Web Directory is a web search tool compiled manually by human editors. Once websites are submitted with information such as a title and description, they are assessed by an editor and, if deemed suitable for addition, will be listed under one or more subject categories. Users can search across a directory using keywords or phrases, or browse through the subject hierarchy. Best examples of a directory are Yahoo and the Open Directory Project.

The major difference between search engine and directory is the human factor. A web site search directory indexes a web site based on an independent description of a site. While directories perform many of the same functions of a web page search engine, their indexing format is different. The main difference is that directories do not spider your site to gather information about it. Instead they rely on a few text entries, typically a site title, domain name, and description, to determine which keywords describe your site. While sites in the search engines are scanned and resulted by program (crawler), they are edited manually in directories. Directories contain number of websites according to theme or industry i.e. automobile related sites are placed in one sub-directory, sports sites are placed into the other sub-directory and so on. So directories help organize thousands of web sites together. A directory contained inside another directory is called a subdirectory of that directory. Together, the directories form a hierarchy, or tree structure.

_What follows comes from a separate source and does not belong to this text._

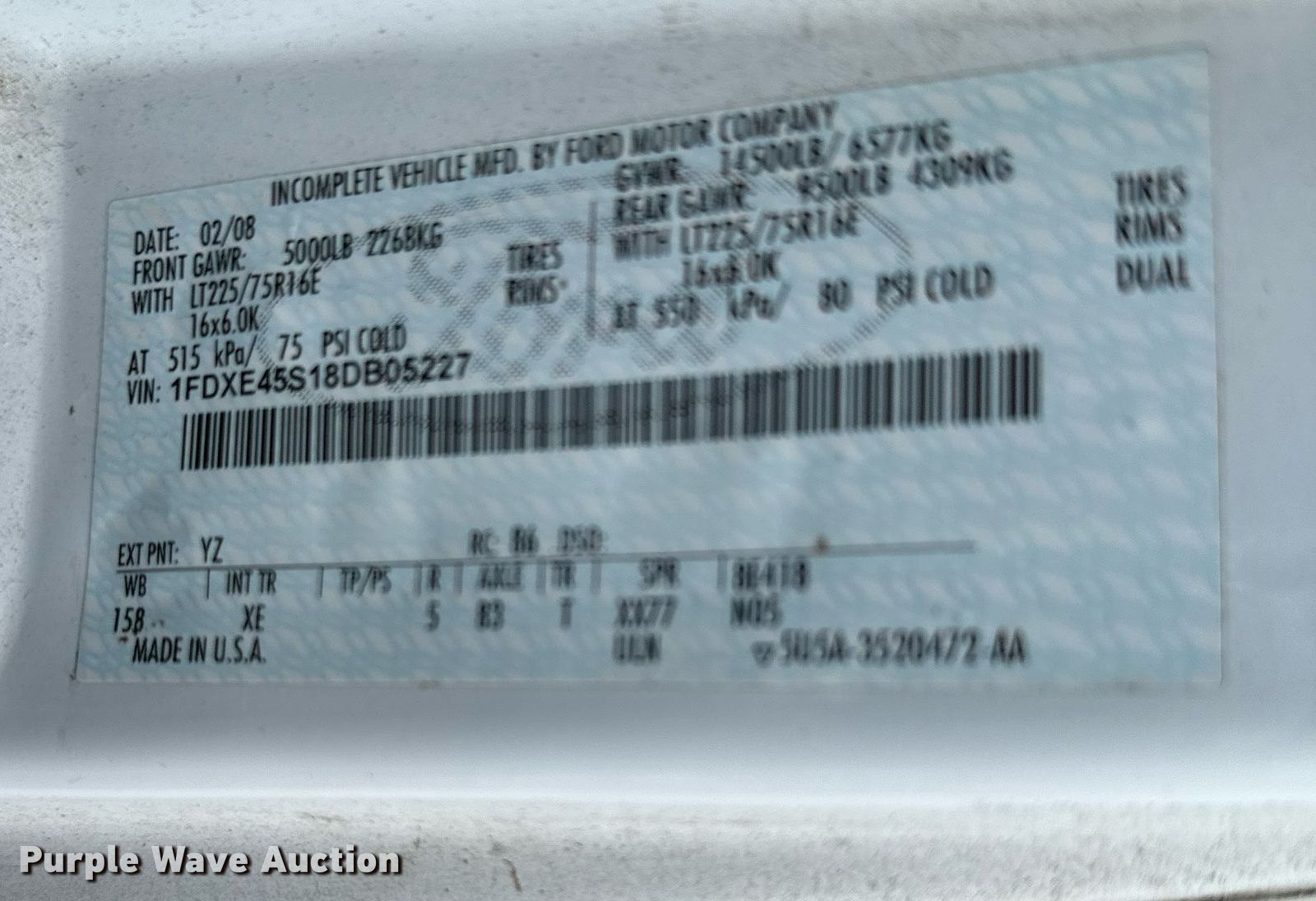 - VIN: 1FDXE45S18DB05227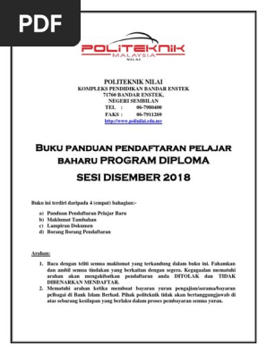 Buku Panduan Pendaftaran Pelajar Baharu Program Diploma Surat Aku Janji Politeknik Nilai 4 Pdf Document

There are directories on the web for almost any category you could name. Some search engines are adding general directories to their web pages. While helping researchers by suggesting general topics to search under,

Open Directory Project or Dmoz.org is a massive directory continually expanded by volunteers. What sets this directory apart is that it makes its database of indexed documents available to other directories & search engines. A listing here results in the page automatically being listed in many other directories and search engines.

There are 5 types of directories namely Human Edited, User Categorized, User Classified, Independently Classified and Pay Per Click (PPC).

  1. Human Edited (Categories):
    This is the 'traditional' directory. It is the most prestigious, as each listed site is 'hand picked' and reviewed by a human editor. The assumption is that the editor is an 'expert' in his/her field and will select for inclusion only appropriate sites. Such directories usually have very clear and stringent acceptance rules, which ensure the quality of the search results. Invariably, the Directory is comprised of categories to which sites are 'assigned'. This type of Directory is relatively hard to maintain, as it is labor intensive and hence expensive. That also explains why many such directories are using volunteers to do the work. Notable examples of Human Edited Directories are Yahoo, Dmoz, Joeant and Gimpsy, but there are many more. There is no doubt that this is the most important type to submit your site to. Only the scrutiny of an independent human reviewer can ensure the quality and suitability of a web site to a given category.
  2. User Categorised:
    The Directory is structured in a very similar way as the Edited Directory, but it is the user's decision as to the best category to place the site in. While this is quite attractive for the Directory Owner (the users do the 'hard work') as well as the Site Owner (freedom to place the site in any category), the search results may be far from satisfactory. One such Directory is Websquash. You may get benefits from registering in such a directory, but make sure you consider all the relevant aspects.
  3. User Classified:
    Sites are classified by keywords, entered by the Site Owner in the Meta Tags of the home page. The attraction here is that the site is classified (potentially) by many keywords and the process is fully automatic (low maintenance). While easy to register, the sorting algorithm has very little to go by, hence the position of the site in the search results doesn't mean much. Moreover, should you choose popular keywords you have little chance of being found due to the number of sites competing with you. On the other hand, selecting a rare combination of keywords suffers from the obvious problem of the miniscule number of searchers using that combination. One of the better known examples is ExactSeek , which enjoys significant popularity. Its attraction may be related to the use of the Alexa ranking , which measures the site's popularity, as a primary sorting criterion of the searched results.
  4. Independently Classified:
    Instead of letting the Site Owner decide which keywords to use for finding his site, this type of directory allows every user to determine the relevancy of keywords. This latest addition to the Directory family harnesses the public vote to examine and determine relevancy of keywords to sites. Each user may choose to rate a (random) site and voice his/her opinion of the suitability of specific keywords to that site. The best example for such a site is Netnose. Due to the democratic process, it is highly likely that relevancy will be good. However, for such a site to achieve prominence requires a larger number of users willing to donate their time and effort to that rating activity.
  5. Pay Per Click:
    While technically PPC Directories are of the User Classified type, their business model implies some significant characteristics that Site Owners should be aware of:
  • A link from a PPC is never a direct or simple link. Hence being listed in a PPC directory will never help to increase Link Popularity with search Engines.
  • A link from PPC directory remains in place only as long as the user's account is cash positive.
  • PPC Directories try to maximize their revenues by encouraging Site Owners to bid for as many keywords as they can, even those that are only remotely related to their site's business.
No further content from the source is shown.